No pretende ser esta una investigación académica; motivan estas letras la necesidad de invitar a pensar, individual y colectivamente, en un fenómeno que quiebra completamente la «normalidad» y que produce un dolor irremediable en quienes quedamos expectantes ante el abismo de sinsentido que prolifera de semejante acción. La violencia y la agresividad no solo hacia sí mismo por parte del que lo hace, sino hacia quienes se encuentran con la escena, desconcierta completamente cualquier intento de interpretación que busque comprensión: se deja establecido, de una u otra manera, un mensaje explícito o sugerido que nos posiciona en un estado de fragilidad tal que nos enfrenta a lo irremediable y a lo más crudo de las posibilidades de existencia.

Es preciso hacer hincapié en que la libertad no es un efímero ideal comercial que se consigue mediante la adquisición de ningún bien ni servicio, sino mediante la práctica constante, habitual y permanente de la reflexión y el ejercicio pleno del pensamiento crítico. El abandono voluntario del pensar nos ha desensibilizado a un punto patético, en el cual no nos sentimos parte de nada ni de nadie al mismo tiempo que creemos que ficticiamente todos tienen que estar cerca para ayudarnos. Pues no: formar parte de una comunidad pensante también implica saber escuchar y saber pedir ayuda sin pudor alguno, rompiendo la lógica individualista que nos empuja a vivir según el falso imperativo de que cada uno se salva por su cuenta y solo por sus propios y únicos medios.  Si hay algo que nos queda claro ante la incertidumbre que produce el suicidio es que tal vez no sea posible evitarlo en casos puntuales en los cuales el sujeto no encuentra posibilidad racional alguna de aferrarse a algo que lo disuada.
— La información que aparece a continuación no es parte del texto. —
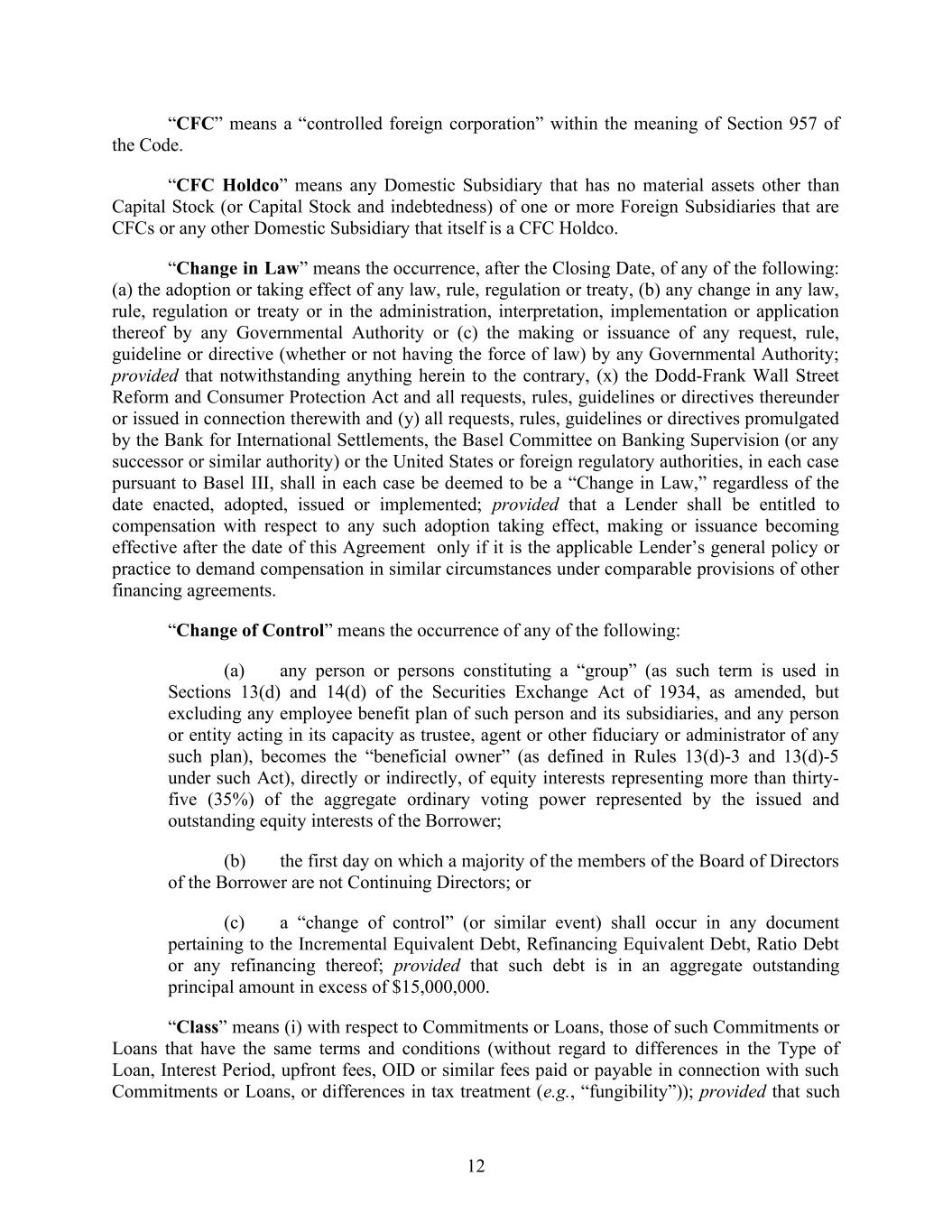 12 “CFC” means a “controlled foreign corporation” within the meaning of Section 957 of the Code. “CFC Holdco” means any Domestic Subsidiary that has no material assets other than Capital Stock (or Capital Stock and indebtedness) of one or more Foreign Subsidiaries that are CFCs or any other Domestic Subsidiary that itself is a CFC Holdco. “Change in Law” means the occurrence, after the Closing Date, of any of the following: (a) the adoption or taking effect of any law, rule, regulation or treaty, (b) any change in any law, rule, regulation or treaty or in the administration, interpretation, implementation or application thereof by any Governmental Authority or (c) the making or issuance of any request, rule, guideline or directive (whether or not having the force of law) by any Governmental Authority; provided that notwithstanding anything herein to the contrary, (x) the Dodd-Frank Wall Street Reform and Consumer Protection Act and all requests, rules, guidelines or directives thereunder or issued in connection therewith and (y) all requests, rules, guidelines or directives promulgated by the Bank for International Settlements, the Basel Committee on Banking Supervision (or any successor or similar authority) or the United States or foreign regulatory authorities, in each case pursuant to Basel III, shall in each case be deemed to be a “Change in Law,” regardless of the date enacted, adopted, issued or implemented; provided that a Lender shall be entitled to compensation with respect to any such adoption taking effect, making or issuance becoming effective after the date of this Agreement only if it is the applicable Lender’s general policy or practice to demand compensation in similar circumstances under comparable provisions of other financing agreements. “Change of Control” means the occurrence of any of the following: (a) any person or persons constituting a “group” (as such term is used in Sections 13(d) and 14(d) of the Securities Exchange Act of 1934, as amended, but excluding any employee benefit plan of such person and its subsidiaries, and any person or entity acting in its capacity as trustee, agent or other fiduciary or administrator of any such plan), becomes the “beneficial owner” (as defined in Rules 13(d)-3 and 13(d)-5 under such Act), directly or indirectly, of equity interests representing more than thirty- five (35%) of the aggregate ordinary voting power represented by the issued and outstanding equity interests of the Borrower; (b) the first day on which a majority of the members of the Board of Directors of the Borrower are not Continuing Directors; or (c) a “change of control” (or similar event) shall occur in any document pertaining to the Incremental Equivalent Debt, Refinancing Equivalent Debt, Ratio Debt or any refinancing thereof; provided that such debt is in an aggregate outstanding principal amount in excess of $15,000,000. “Class” means (i) with respect to Commitments or Loans, those of such Commitments or Loans that have the same terms and conditions (without regard to differences in the Type of Loan, Interest Period, upfront fees, OID or similar fees paid or payable in connection with such Commitments or Loans, or differences in tax treatment (e.g., “fungibility”)); provided that such

Lo que sí es fundamental –y de ello estamos convencidos– es prestar atención a los síntomas de autodestrucción permanentemente promocionados por agendas comerciales que han logrado subvertir el sentido de la propuesta de Unamuno, tornándola en un total desprecio por el interés de conocerse y quererse a sí mismo para convertirnos en parte de una masa amorfa de consumidores que lejos de apreciar su identidad y desear su eternidad buscan la notoriedad virtual a cualquier precio. Tal vez, y esto es solo una simple hipótesis, si logramos educar y formar a nuestra juventud en un modelo educativo integral que tenga como núcleo la autonomía mediante el pensamiento crítico, la valoración respetuosa y coherente a la diversidad y la construcción de una comunidad en la que nadie está de más, solo así, tal vez, podremos iniciar un camino que apunte a la dignidad que brinda la percepción de una existencia que, a pesar de todos sus avatares, vale siempre la pena ser vivida.